| The task |
Beneath this line are entries. Copy the range from the line with "Il Report di" to the line with "学业成绩、课外活动 | 每年约2万-8万港币 |", ends included, exactly; leave pictures out.

| Dataset records |
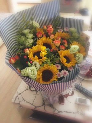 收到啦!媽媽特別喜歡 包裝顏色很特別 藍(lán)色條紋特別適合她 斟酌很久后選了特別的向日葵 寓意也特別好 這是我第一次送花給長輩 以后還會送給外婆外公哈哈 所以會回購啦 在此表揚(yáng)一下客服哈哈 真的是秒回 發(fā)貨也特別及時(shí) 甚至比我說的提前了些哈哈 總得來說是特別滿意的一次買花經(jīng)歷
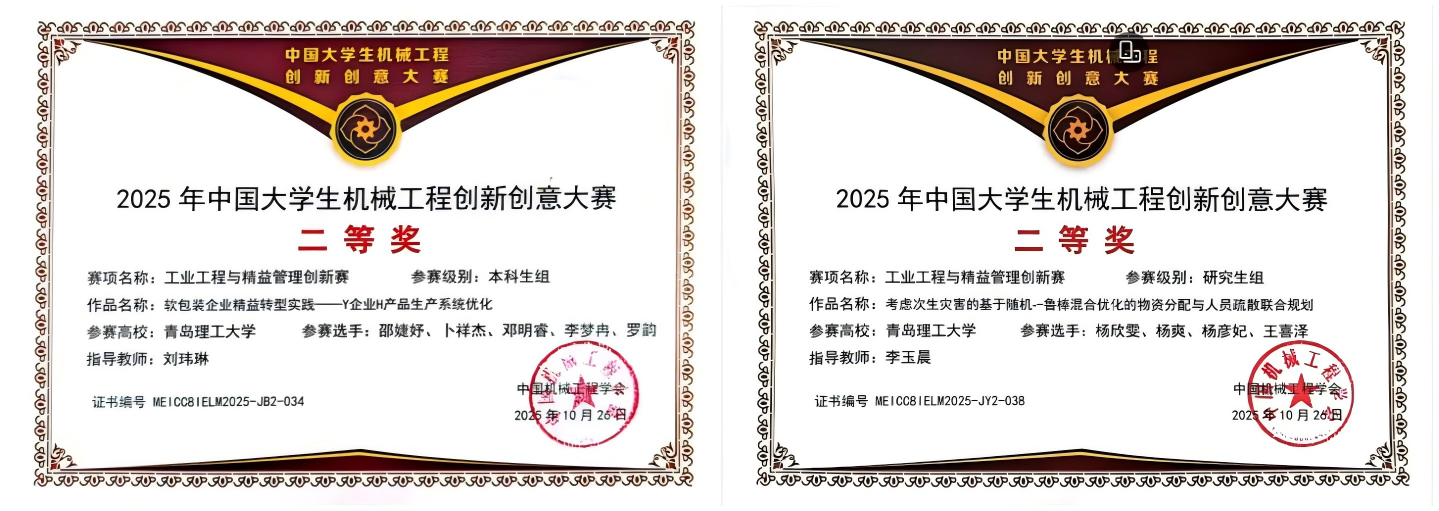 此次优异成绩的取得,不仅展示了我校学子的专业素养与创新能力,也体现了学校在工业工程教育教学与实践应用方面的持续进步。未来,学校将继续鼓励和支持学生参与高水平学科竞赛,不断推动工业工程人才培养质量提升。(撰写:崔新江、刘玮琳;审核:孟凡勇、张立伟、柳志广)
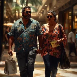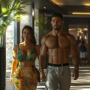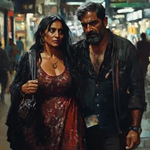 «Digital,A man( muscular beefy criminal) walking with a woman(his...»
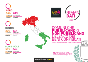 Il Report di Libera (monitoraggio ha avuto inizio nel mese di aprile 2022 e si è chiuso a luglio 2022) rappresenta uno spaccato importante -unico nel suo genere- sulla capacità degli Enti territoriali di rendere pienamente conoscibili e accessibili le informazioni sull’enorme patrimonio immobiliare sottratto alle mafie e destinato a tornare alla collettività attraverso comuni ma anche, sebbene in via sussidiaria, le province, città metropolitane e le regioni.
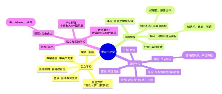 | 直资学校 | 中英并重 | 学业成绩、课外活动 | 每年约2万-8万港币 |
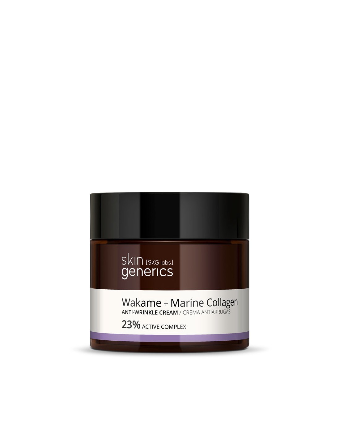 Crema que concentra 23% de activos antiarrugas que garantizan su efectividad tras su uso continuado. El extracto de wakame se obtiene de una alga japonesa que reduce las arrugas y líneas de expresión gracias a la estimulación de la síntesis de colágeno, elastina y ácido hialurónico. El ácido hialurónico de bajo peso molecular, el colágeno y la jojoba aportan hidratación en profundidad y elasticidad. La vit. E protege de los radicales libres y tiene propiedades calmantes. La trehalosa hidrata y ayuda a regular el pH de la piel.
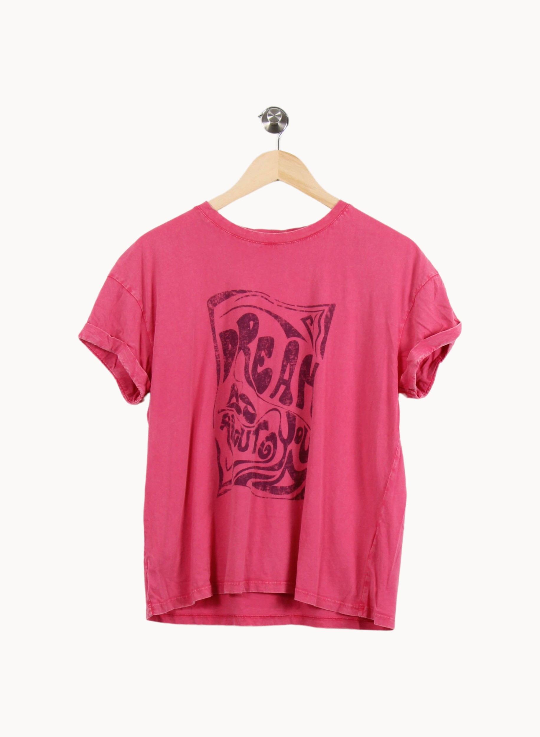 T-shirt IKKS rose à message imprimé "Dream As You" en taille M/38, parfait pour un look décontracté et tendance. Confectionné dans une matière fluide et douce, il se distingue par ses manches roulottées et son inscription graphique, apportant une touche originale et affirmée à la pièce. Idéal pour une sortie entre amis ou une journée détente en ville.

* * *

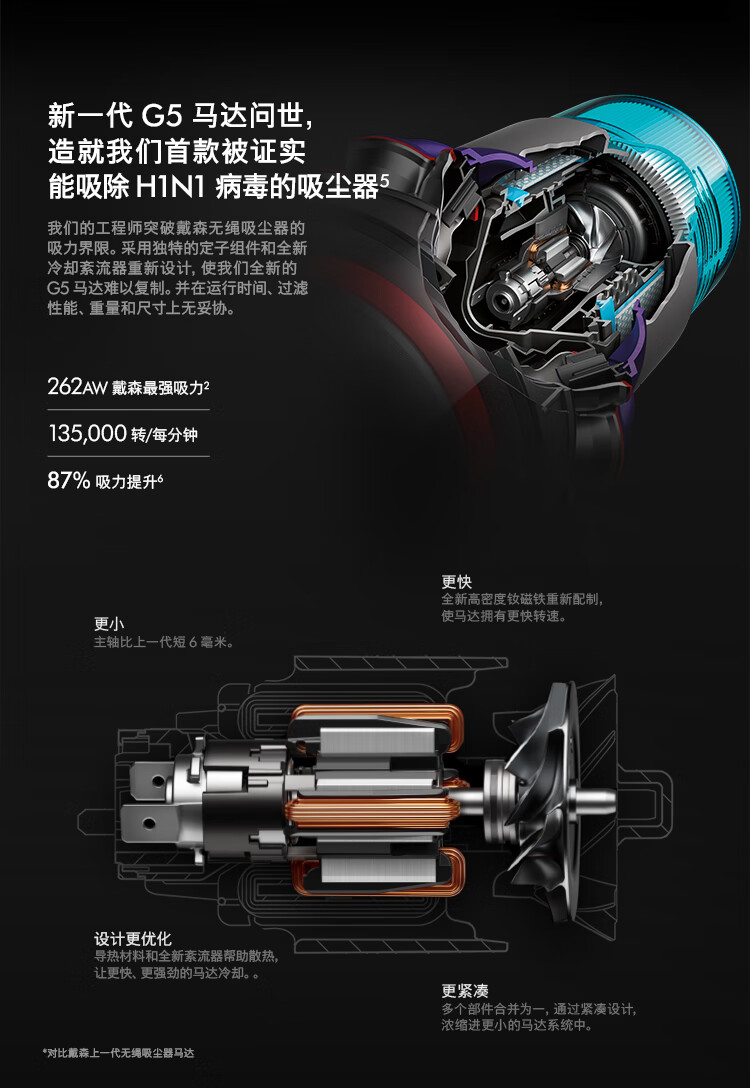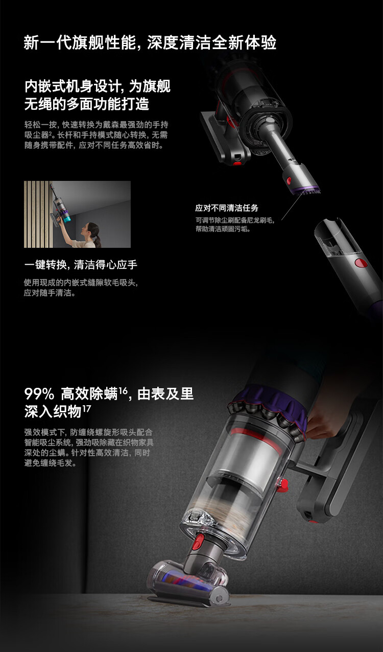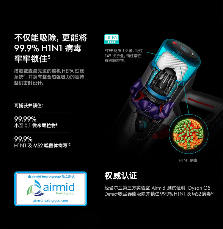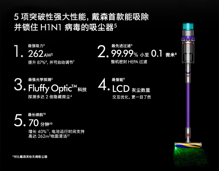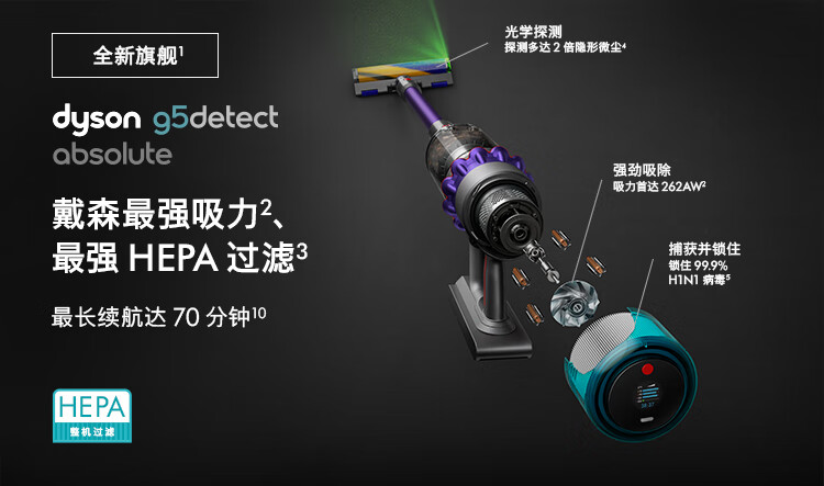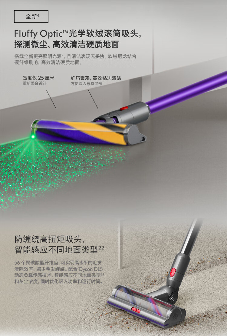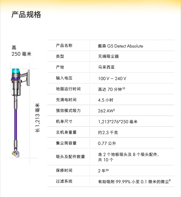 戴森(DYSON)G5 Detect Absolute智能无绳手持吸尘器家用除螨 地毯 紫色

| The completed task |
 Il Report di Libera (monitoraggio ha avuto inizio nel mese di aprile 2022 e si è chiuso a luglio 2022) rappresenta uno spaccato importante -unico nel suo genere- sulla capacità degli Enti territoriali di rendere pienamente conoscibili e accessibili le informazioni sull’enorme patrimonio immobiliare sottratto alle mafie e destinato a tornare alla collettività attraverso comuni ma anche, sebbene in via sussidiaria, le province, città metropolitane e le regioni.
 | 直资学校 | 中英并重 | 学业成绩、课外活动 | 每年约2万-8万港币 |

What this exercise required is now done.